Verb form in some Eskaleut languages

The consequential mood (abbreviated cnsq, less often cns or cqo) is a verb form used in some Eskaleut languages to mark dependent adverbial clauses for reason ('because') or time ('when'). Due to the broader meaning of the term mood in the context of Eskimo grammar, the consequential can be considered outside of the proper scope of grammatical mood.

In Central Alaskan Yup'ik, the consequential expresses the meaning 'because':

In Central Siberian Yupik the two forms of the consequential mood are used only for the meanings 'when' and 'while', whereas 'because' is expressed by a particle added to the indicative. Similarly, the consequential expresses the meaning of 'when' in North Alaskan Iñupiaq.

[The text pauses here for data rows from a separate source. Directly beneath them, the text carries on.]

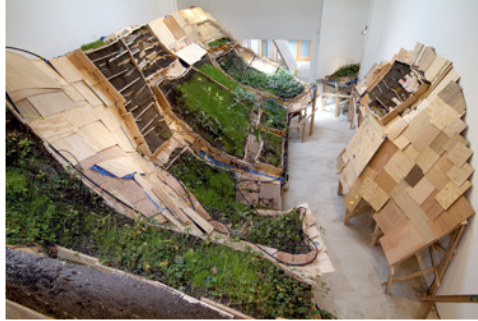
Phoebe Washburn, It Makes for My Billionaire Status , 2005 (installation view, Kantor/Feuer Gallery, Los Angeles, 2005).

Phoebe Washburn is a contemporary artist who is best known for creating architectural ecosystems from recyclable trash (Greben, 2009). She recycles discarded cardboard, plastic, wood, and more. Assembled and displayed in large areas, Washburn's enormous installations usually intertwine plant life with the mass amounts of discarded items to create a complex environmental eco-system.
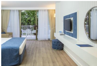
** Comfort Std. Land Room **
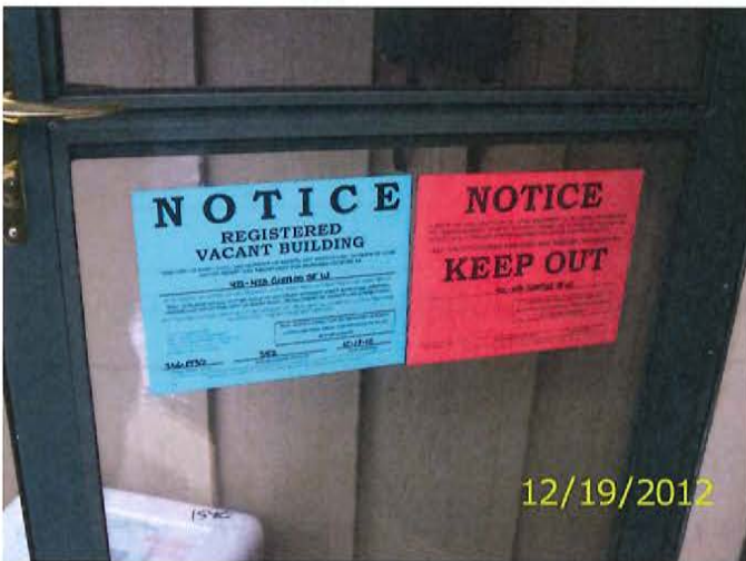
421 unit posting
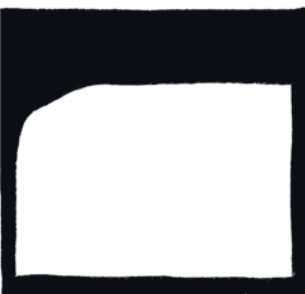
Turn to the left
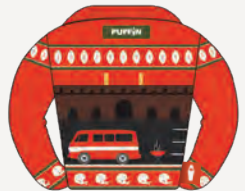
THE GAME DAY DO1354-904
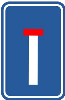
The dead end sign as used in most countries that adhere to the Vienna convention

The classical signs indicating a dead-end road are frequently used in an inappropriate, car-only mode. For living end roads, it is simply incorrect to state that the road is dead-ended. It neglects the existence and the rights of road users other than motorized ones. Often, these routes are the most appropriate for cyclists and pedestrians, while the sign just discourages them to use these itineraries. This is especially the case for people not familiar with the area, but even the local people might totally be misled by this bluntly wrong information.
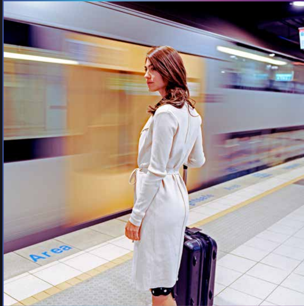
Green Square Station

Whether it's shopping, dining, exercise or entertainment, at Downtown a vital and eclectic lifestyle surrounds you. Pick up your morning coffee from local haunts such as Allpress or Haven Specialty Coffee. Meander streets lined with cafes, artisan stores and weekend markets, punctuated with glorious greenery and cycleways. Zetland's boulevards offer up plenty of surprise.
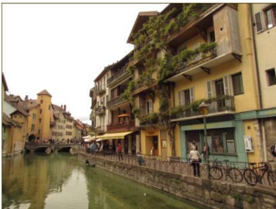
A venerable Wisteria in Annecy le Vieux

We left Annecy at about 15.30 and took the road to Chamonix. As we approached Chamonix, we passed the spectacular Glacier des Bossons , arriving in the town just after 17.00, in light rain. Chamonix is about 224km from Lyon.
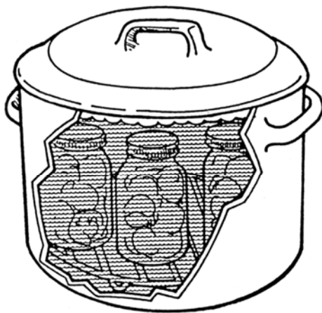
Water Bath Canner

Jar lids need to be prepared as instructed by the manufacturer ahead of filling time. Read the manufacturer's instructions on preparing and attaching lids. Instructions will not be the same for all lid types. With two-piece metal canning lids, the flat lid should be used only once for sealing new products, but the ring bands can be reused as long as they are in good condition. Ring bands should be free of rust and not bent out of shape. Flat lids should be free of dents, scratches and gaps or flaws in the sealing compound. Do not reuse lids from commercially canned foods for home canning.
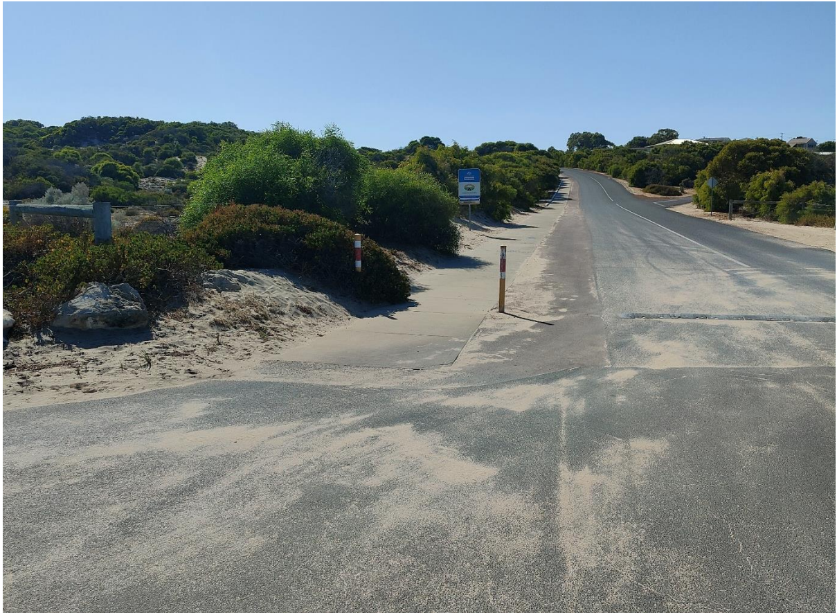
Figure 3. Dual use path from car park up to Option 3B Mitchell Rd viewing platform area
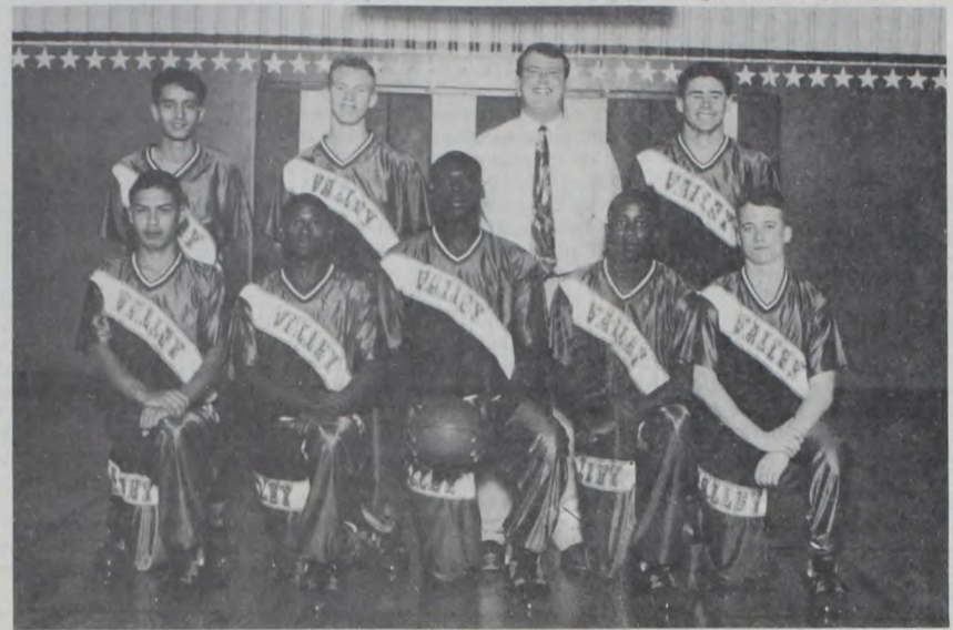
VALLEY PATRIOTS 1994-1995
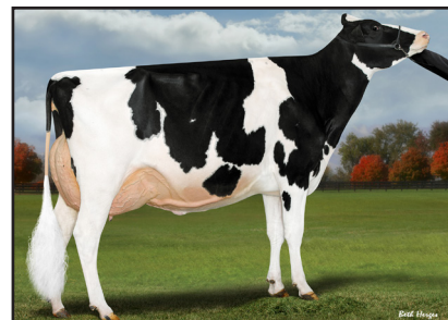
Ladyrose Caught Your Eye-ET "EX-94" 2x All-American (Granddam of F - H)

3224437486 *TR *TP *TC *TY *TV PTA +974M +84F +54P 81R 8/23 PTA +3.27T +3.23UDC +1.11FLC GTPI +3003
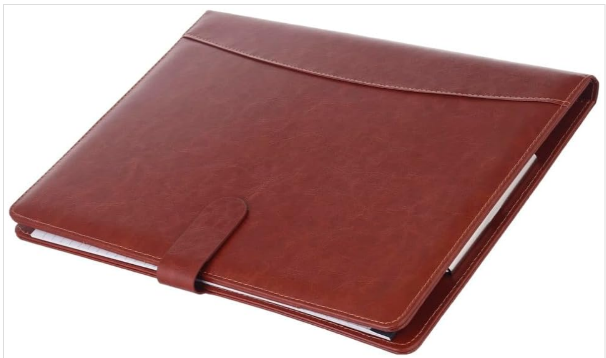
Figure 2: Angled view of the closed 3A SX816 Leather Portfolio, highlighting its slim profile and textured leather finish.
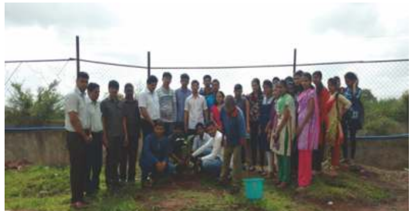
Plantation in college campus
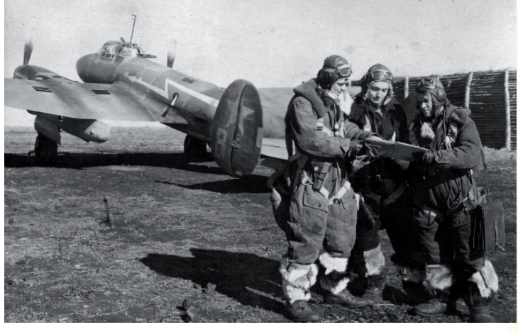
Pe-2 crew from the 34th gv.bap TAF (Pacific Fleet), August, 1945.

The centre for archives of the Soviet Ministry of Defence joined the discussion. They published the official account from the Army's Summary of Events from February 11, 1945, in which there was detailed information on
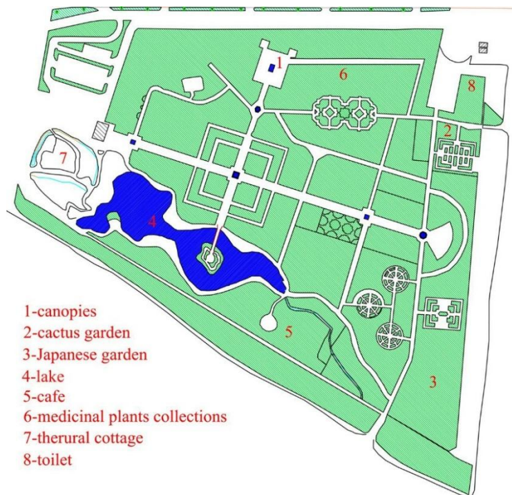
Figure 3. The Complete Map of The Flower Garden located in Isfahan, Iran, designed based on Google Map by Soleimanpour (2016, September 5)
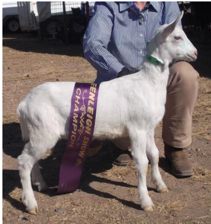
Champion Saanen Doe Kid

The consequential suffix -nga- is a descendant of the Proto-Eskimoan derivational suffix -nga-, whose meaning is 'having Ved', 'having been Ved'.

==Bibliography==
- de Reuse, Willem Joseph (1988). "Studies in Siberian Yupik Eskimo morphology and syntax"
- Jacobson, Steven A. (1990). "Comparison of Central Alaskan Yup'ik Eskimo and Central Siberian Yupik Eskimo"
- Jacobson, Steven A. (2006). "The participial oblique, a verb mood found only in Nunivak Central Alaskan Yup'ik and in Siberian Yupik"
- Mithun, Marianne (2012). "Exuberant Complexity: The Interplay of Morphology, Syntax, and Prosody in Central Alaskan Yup'ik"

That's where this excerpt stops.